We recently shared with you the details of a trade regulation rule proposed by the Federal Trade Commission banning non-compete agreements. (See “FTC Proposed Regulation Places Non-Competes in Jeopardy.”) The proposed rule would prohibit noncompetes in the workplace and require employers to rescind non-compete agreements currently in place. The FTC’s proposed rule, if enacted, would have an immediate and profound impact on businesses and workers throughout the country, particularly as it concerns the employment relationship, employee retention and mobility, customer relationships and the treatment of confidential and proprietary information.
The proposed FTC rule remains in the comment stage with many companies and organizations voicing strong objections to a complete ban where businesses have heavily invested in establishing a loyal customer base. It is commonly believed that if the rule is ultimately enacted, it will be considerably reduced in scope and impact.

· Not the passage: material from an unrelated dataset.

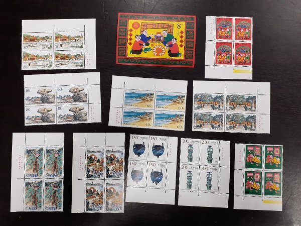 1103Y01 中国切手 T切手 J切手他 ブロック 小型シート等 まとめ *一部外国切手混入 *写真、下にも掲載・詳細は写真参照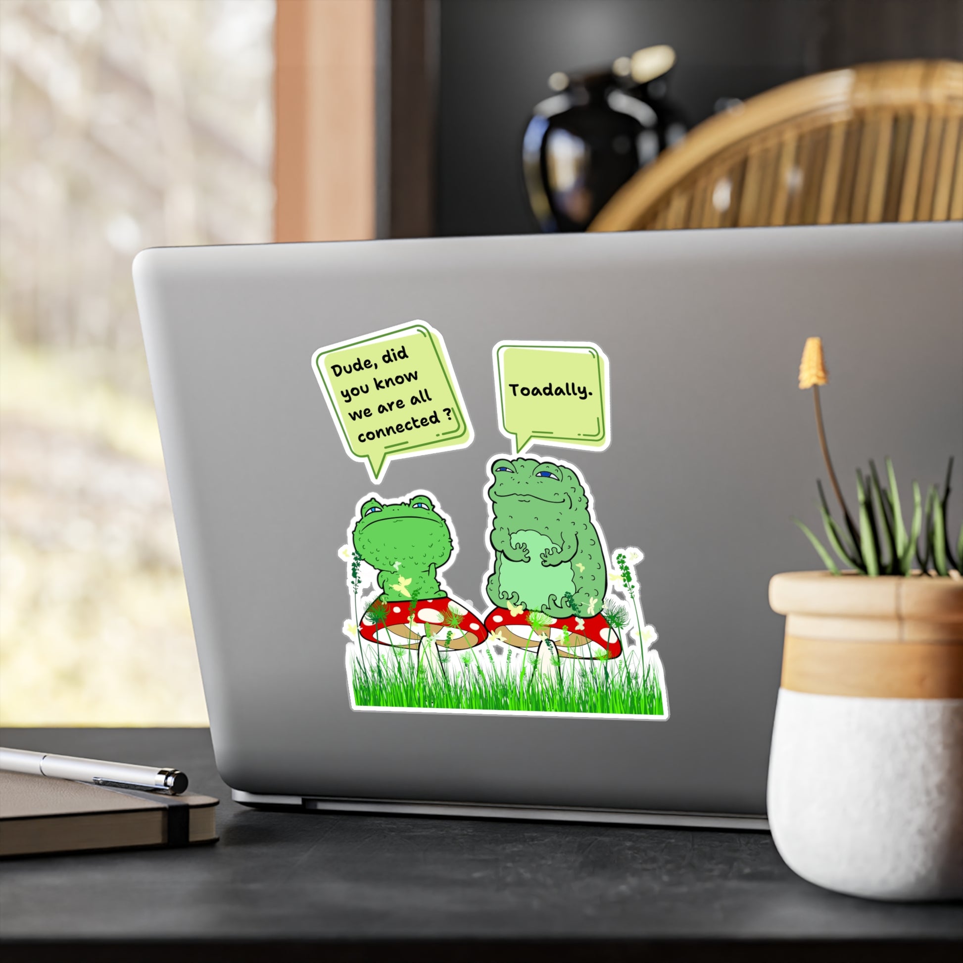 The whimsical design of two cartoon toads chatting on toadstools says it all: “Dude, did you know we are all connected? Toadally.”

Almost two years ago, President Biden issued Executive Order 14036, which broadly addresses promoting competition in the American economy. Among the measures considered in that executive order was greater scrutiny of employee non-compete agreements. Now, in addition to the President and the FTC, the General Counsel of the National Labor Relations Board has inserted her agency’s authority in hopes of further restricting employee non-compete agreements. On May 30, 2023, NLRB General Counsel Jennifer Abruzzo sent a memorandum to the various Regional Directors and other NLRB officials explaining her theory that most employee non-compete agreements violate the National Labor Relations Act (NLRA). In the memorandum, Abruzzo directs the various NLRB regions to be on the lookout for cases to bring against employers that enter into, or even propose, employee non-compete agreements.
The NLRA, enacted by Congress in 1935, has never been interpreted to prohibit, or even to limit, employee non-compete agreements. Abruzzo, however, explains in her memorandum that, in her opinion, most such agreements are unlawful throughout the United States because they “interfere with, restrain, or coerce employees in the exercise” of their right “to selforganization, to form, join, or assist labor organizations, to bargain collectively through representatives of their own choosing, and to engage in other concerted activities for the purpose of collective bargaining or other mutual aid or protection.”
Essentially, Abruzzo argues that non-compete provisions interfere with workers’ rights because they limit an employee’s option to threaten to or actually quit or change jobs in support of demands to an employer for different or better pay and working conditions, either individually or in a group. She argues that while there might be some “special circumstances” that would make an employee non-compete agreement lawful, as a general rule, “the proffer, maintenance, and enforcement of a non-compete provision that reasonably tends to chill employees from engaging in … activity as described above violates” the NLRA.
The good news for businesses that proffer, maintain, and enforce employee non-compete agreements is that the NLRB General Counsel does not have the power to make rules like this. Instead, she acts as a prosecutor, choosing certain cases as vehicles to try to convince the full NLRB to adopt her (unconventional) view of the scope of the NLRA. Even if she found an appropriate case and convinced the NLRB to adopt her view, that decision itself would be subject to review by a federal court. We are likely years away from any sort of definitive ruling that the NLRA restricts employee non-compete agreements.
While the NLRB is unlikely to hold that the NLRA prohibits employee non-compete agreements, and it is particularly unlikely to do so soon, businesses that use employee noncompete agreements should take this as yet another warning that such agreements are subject to increased scrutiny. Businesses are well advised to limit non-compete agreements to employees with significant customer contact and/or access to confidential business information. They should also consider confidentiality provisions in both their employee handbooks and employment agreements.